When a thread enters the scheduler for the first time, its eligible time \(v_{ei}\) is the current virtual time of the scheduler, which is equivalent to a lag of \(0\). Whenever the thread runs, its eligible time is advanced by the amount of virtual time corresponding to the real time it has used. This can be calculated as

\begin{equation*} v_{ei} = v_{ei} + \frac{t_{used}}{w_i} \end{equation*}

where \(t_{used}\) is the amount of real time the thread has used, and \(w_i\) is the thread's weight.

See also
EEVDF pages 10-12 and 14.

Virtual Deadlines

We can now move on to the other part of the name, "virtual deadline", which is defined as the earliest time at which a thread should have received its due share of CPU time, rounded to some quantum. The scheduler always selects the eligible thread with the earliest virtual deadline to run next.

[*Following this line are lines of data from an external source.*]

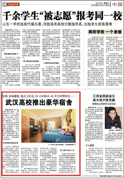 7月23日,该校在招生信息网上发布“2014级新生住房意向调查问卷”后,“即将推出的二人间究竟什么样”成了不少新老学子和家长关注的焦点。8月3日,应学生和家长的要求,该校在官方微博上发布了二人间样板间效果图,其三星级标间般的学生寝室,让不少网友惊羡不已。
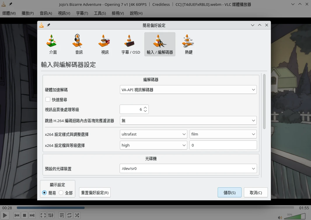~/.config/mpv/mpv.conf,加入以下內容,才可以使用VA-API加速。
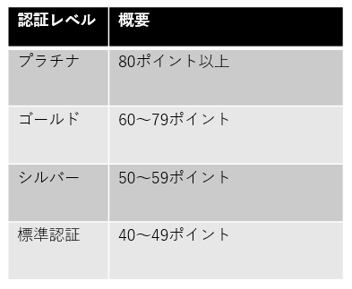 認証レベルは4段階で、最高位はプラチナ(80点以上)、次いでゴールド(60〜79点)、
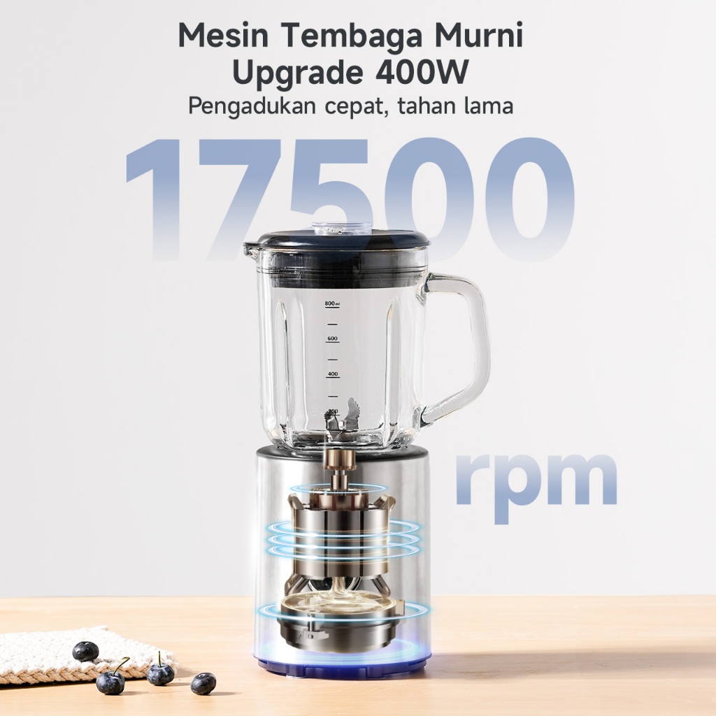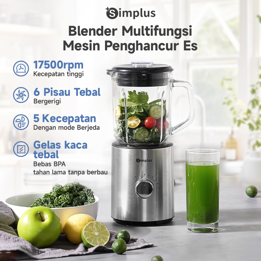 Simplus Blender 400W Makanan 5 mode pengaturan multifungsi, 6 bilah pisau stainless steel 304
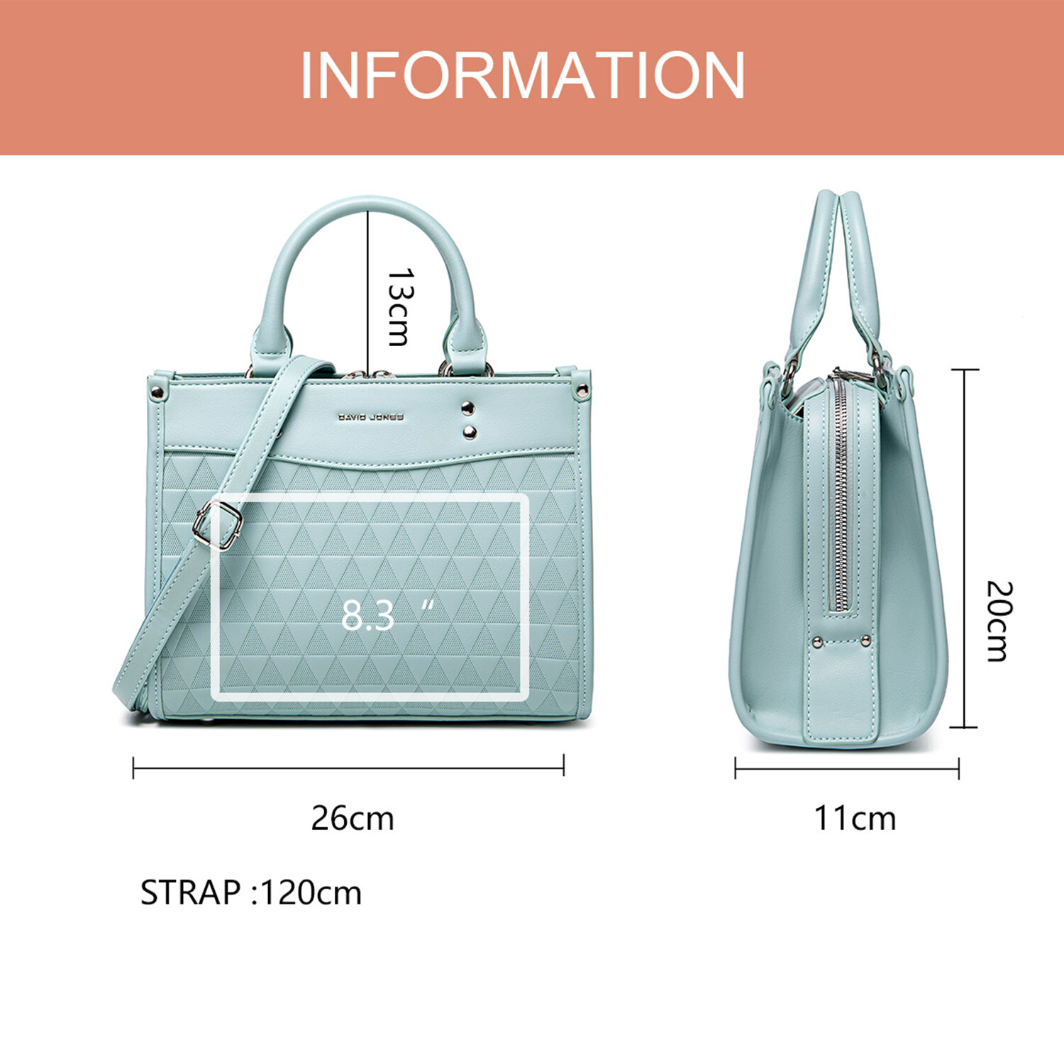 • DAVIDJONES , a brand comes from Paris since 1987.We are committed to provide our customer trendy and stylish women bags.Over the years, we have been selling to more than 100 countries at prices that make keeping up with seasonal styles a luxury within reach.DAVID JONES is the lifestyle brand for people who are Positive, Authentic, and Bursting with personality.We thank you for your great support.

We can calculate the virtual deadline \(v_{di}\) of a thread as

\begin{equation*} v_{di} = v_{ei} + \frac{Q}{w_i} \end{equation*}

where \(Q\) is a constant time slice defined by the scheduler, in our case CONFIG_TIME_SLICE.

See also
EEVDF page 3.

Rounding Errors

Before describing the implementation, it is important to note that due to the nature of integer division, rounding errors are inevitable when calculating virtual time and lag.

For example, when computing \(10/3 = 3.333...\) we instead get \(3\), losing the fractional part. Over time, these small errors can accumulate and lead to unfair scheduling.

It might be tempting to use floating point to mitigate these errors, however using floating point in a kernel is generally considered very bad practice, only user space should, ideally, be using floating point.

Instead, we use a simple technique to mitigate the impact of rounding errors. We represent virtual time and lag using 128-bit fixed-point arithmetic, where the lower 63 bits represent the fractional part.

There were two reasons for the decision to use 128 bits over 64 bits despite the performance cost. First, it means that even the maximum possible value of uptime, stored using 64 bits, can still be represented in the fixed-point format without overflowing the integer part, meaning we don't need to worry about overflow at all.

Second, testing shows that lag appears to accumulate an error of about \(10^3\) to \(10^4\) in the fractional part every second under heavy load, meaning that using 64 bits and a fixed point offset of 20 bits, would result in an error of approximately 1 nanosecond per minute, considering that the testing was not particularly rigorous, it might be significantly worse in practice. Note that at most every division can create an error equal to the divider minus one in the fractional part.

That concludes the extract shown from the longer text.